Abbreviation: H. pylori, Helicobacter pylori.

GKN1 and gastric cancer

In vitro studies have shown that both GKN1^{18,23,24,40,41} and GKN2²⁹ occur in the gastric mucosa of healthy individuals. On the other hand, in the gastric mucosa of gastric cancer patients compared to subjects with superficial gastritis, a decreased GKN1 protein and mRNA GKN1 expression is noted. ^42,43 GKN1 was also absent in patients with intestinal metaplasia. ⁴³ Perhaps the reason for reduced expression or absence of GKN1 in these diseases is damage to the gastric mucosa.

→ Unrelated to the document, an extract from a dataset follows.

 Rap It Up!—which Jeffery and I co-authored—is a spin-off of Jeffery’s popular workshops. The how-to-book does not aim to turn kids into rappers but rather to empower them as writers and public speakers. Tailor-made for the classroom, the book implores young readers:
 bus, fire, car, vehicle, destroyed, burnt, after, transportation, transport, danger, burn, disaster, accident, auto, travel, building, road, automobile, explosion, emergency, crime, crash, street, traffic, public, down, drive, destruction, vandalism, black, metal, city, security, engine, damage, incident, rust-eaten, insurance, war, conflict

GKN1 acts on cells in an autocrine or paracrine fashion. ¹⁸ The studies of Oien et al²⁴ showed the expression of GKN1 in the gastric mucosa of both the surface epithelium and gastric ulcer. However, no GKN1 expression was found in the deeper parts of the gastric glands. The results of previous studies suggest that GKN1 is a gastric specific mitogenic protein and most likely plays a protective and reparative role in the gastric mucosa. ^23,24,44 GKN1 maintains the integrity of the gastric mucosa, protects it against the action of stomach acid and enzymes as well as mechanical damage, bacteria or foreign antigens. ^17,19,44 Walsh-Reitez et al⁴⁵ conducted studies in mice that were administered dextran sulfate sodium to damage the intestinal mucosa and then injected with GKN1. It was found that under the influence of GKN1 the immunoreactivity of occludens proteins increased, forming tight connections responsible for the adherence of epithelial cells in the colon mucosa. In addition, during the exposure of tested epithelial cells to monochloramine, it was shown that GKN1 protects them from loss of integrity by increasing the accumulation of intercellular proteins (zonula occludens-1, claudin 5, E-cadherin) and stabilization of actin microfibrils. ⁴⁵ These findings were further confirmed by studies of Rippa et al,⁴⁶ which showed that in normal gastric tissue GKN1 is co-localized with actin and GKN1 overexpression in gastric cancer cells leads to increased expression of adherens and tight junction proteins, which indicates this protein as a main factor helpful in actin stabilization. Figure 2 schematically explains GKN1 role in gastric mucosa.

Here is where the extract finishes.